Real-Time Data Streaming in Microsoft Fabric Eventhouse
When Microsoft Fabric Eventstream writes data into a Fabric Eventhouse, then this time the behaviour is generally considered real-time. Since Microsoft Eventhouse is a streaming-native engine, and time-series analytics platform, it does not need parquet micro-batching, delta commits and file optimisation cycles. The incoming data is streamed directly into ingestion buffers, indexed rapidly and made queryable almost immediately. In most Fabric IoT scenarios we have IoT Device → IoT Hub → Eventstream → Eventhouse, which is queryable in seconds. If there is some latency, it is 1-2 seconds under light load and 3-5 seconds under moderate load.
Using KQL Database for Real-Time Analytics in Microsoft Fabric Eventhouse
When we create a Microsoft Fabric Eventhouse, it gets deployed into the platform with a built-in KQL Database inside it. The KQL Database is the place where tables live, streaming events are stored, KQL queries execute and retention policies are applied. The KQL Database is where real-time analytics happens.
A good way to explain the relationship between the two is: the Eventhouse is the container/platform for real-time analytics, while the KQL Database is the actual database engine inside it where the streaming data is stored and queried. As a simple analogy, think of the Eventhouse as the SQL Server instance and the KQL Database as the individual database. The KQL Database can be queried in both KQL and SQL, thus making it comfortable for users to choose their preferred programming language.
Real-Time Reporting and Dashboard in Microsoft Fabric
When the streaming data successfully lands in the KQL Database, we can create an IoT Dashboard directly in Microsoft Fabric by getting the data from the KQL Database, running queries and displaying the results as visuals.

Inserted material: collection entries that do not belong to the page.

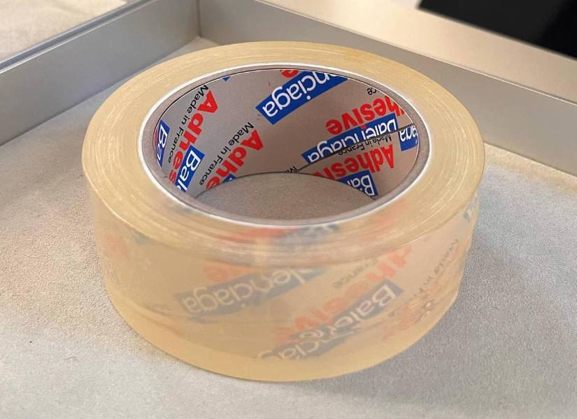 La colección otoño/invierno 2024-25 incluye esta cinta adhesiva como parte de sus productos. El accesorio fue modelado durante la semana de moda en París, la modelo lucía un vestido azul chillón con gris y un bolso animal print.
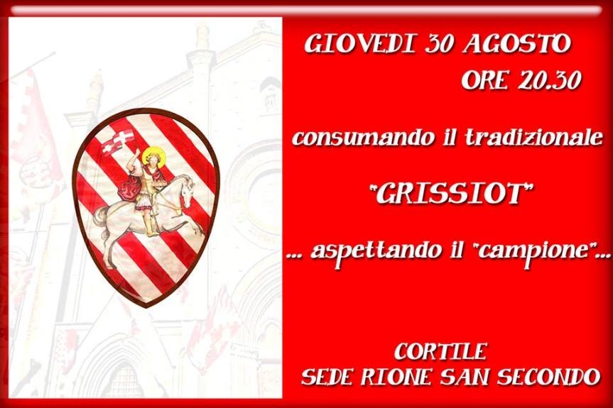 Palio di Asti, Rione San Secondo: 30/08 Serata consumando il tradizionale “Grissiot”
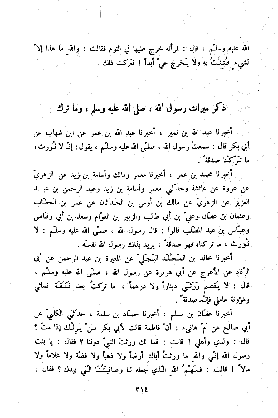 أَخْبَرَنَا عَبْدُ اللَّهِ بْنُ نُمَيْرٍ، أَخْبَرَنَا عَبْدُ اللَّهِ بْنُ عُمَرَ , عَنِ ابْنِ شِهَابٍ، عَنْ أَبِي بَكْرٍ، قَالَ: سَمِعْتُ رَسُولَ اللَّهِ صلّى الله عليه وسلم يَقُولُ: «§إِنَّا لَا نُورَثُ , مَا تَرَكْنَا صَدَقَةٌ»

We can also set up alerts that could send us a notification when a certain threshold has been exceeded.
In Power BI, we can connect to the KQL Database as well, transform the data and prepare insightful reports for the stakeholders.
Conclusion
Overall, Microsoft Fabric provides a modern, scalable, and efficient platform for capturing, processing, and reporting real-time IoT data using a predominantly low-code and no-code approach.
Through the integration of Azure IoT Hub, Fabric Eventstream, Lakehouse, Eventhouse, and KQL Database capabilities, the client can establish an end-to-end real-time analytics architecture capable of supporting both operational monitoring and long-term analytical workloads.
This architecture demonstrates how Microsoft Fabric enables organisations to build scalable real-time IoT analytics platforms that combine streaming analytics, operational monitoring, and enterprise reporting within a unified SaaS environment.
Frequently Asked Questions
What is Microsoft Fabric Eventstream?
Microsoft Fabric Eventstream is a real-time data ingestion and routing capability used to process streaming data from sources such as Azure IoT Hub.
What is the difference between Eventhouse and Lakehouse in Microsoft Fabric?
Eventhouse is optimised for real-time streaming analytics and low-latency querying, while Lakehouse is designed for historical analytics and large-scale BI workloads.
Can Microsoft Fabric support real-time IoT analytics?
Yes. Microsoft Fabric supports real-time IoT analytics through Azure IoT Hub integration, Eventstream, Eventhouse, KQL Database, and Power BI dashboards.
Why use Microsoft Fabric for IoT reporting?
Microsoft Fabric provides an integrated SaaS platform that combines real-time analytics, data engineering, streaming ingestion, and Power BI reporting within a single environment.